= Center console (boat) =

Type of boat

Small center console boat.

A center console (British English: centre console) sometimes abbreviated as CC, is a type of single-decked open hull boat where the helm is in the center. There is a cabin on some models; these are usually located in the bow and hold small berths for sleeping. Small berths may also be located inside the console and under the deck of larger center console boats. An advantage of this type of boat, especially in fishing, underway, and at rest, is that a person can walk all around the boat from stern to bow with ease which aids in various activities by removing obstacles which may be encountered with other boat designs.

The console of a boat is where all the controls are located, including steering, ignition, trim control, radio and other electronic devices, switches etc. It may have small storage space and/or a head. In general, there is no weather protection or berths, making the design ill-suited to cruising.
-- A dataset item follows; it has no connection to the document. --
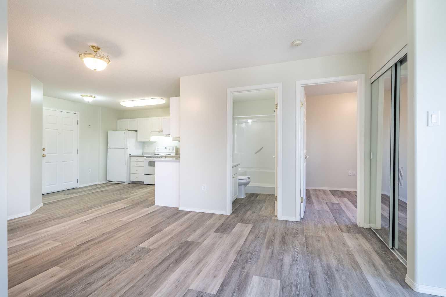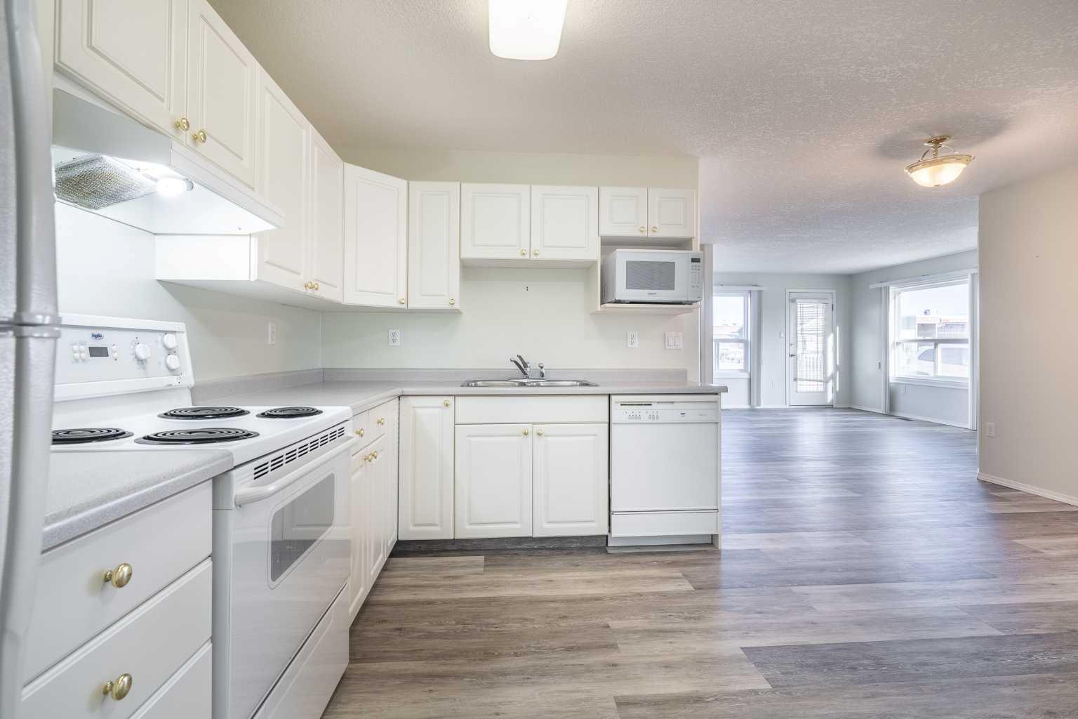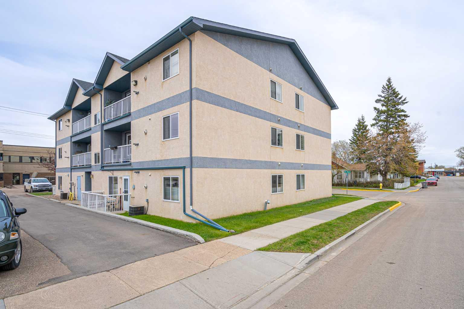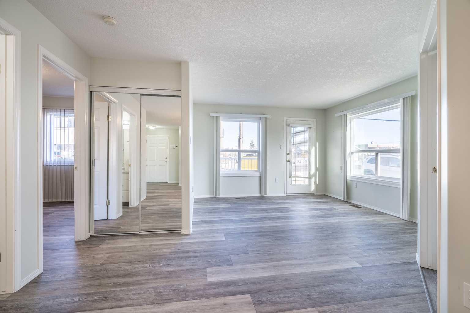 If affordability is what you are looking for, then look no further than this immaculate main floor condo!! You will have NO STAIRS to be able to access this unit, making it a great option for anyone who is mobility challenged. The unit comes with one parking stall which is clearly visible from the grade level balcony which faces north. There is an abundance of windows in this unit which floods the interior space with natural light. Newer vinyl plank flooring makes cleaning and caring for this unit especially easy- in this unit you have two bedrooms, one bathroom and an open concept living room, dining room and kitchen. There is no age restriction in this building as a bylaw amendment was initiated making this exceptional unit available for purchase by both new home owners and empty nesters alike!!

To provide limited relief from sun or rain, or for mounting items such as antennae, radar, lights and outriggers, the console may have a "T-Top" or "Hard top" which is a structure permanently mounted to the boat above the console. These are not universal to all center consoles because it may interfere with fishermen's casting or the boat owner's preferences. Some boats, including center consoles like the one pictured here may have a Bimini top instead, while some may not have anything permanently or semi-permanently attached.

Most center consoles are powered by outboard motors and may be equipped with one or two which is common, to five or more in the case of very large center console boats.

Center console boats are popular as yacht tenders or ship's boats, and also for fishing. One survey by Sport Fishing Magazine found that 30% of respondents owned center consoles, which was a larger percentage than other boat designs.

Center console boats typically range in length from 18 to 40 ft, though some may be larger.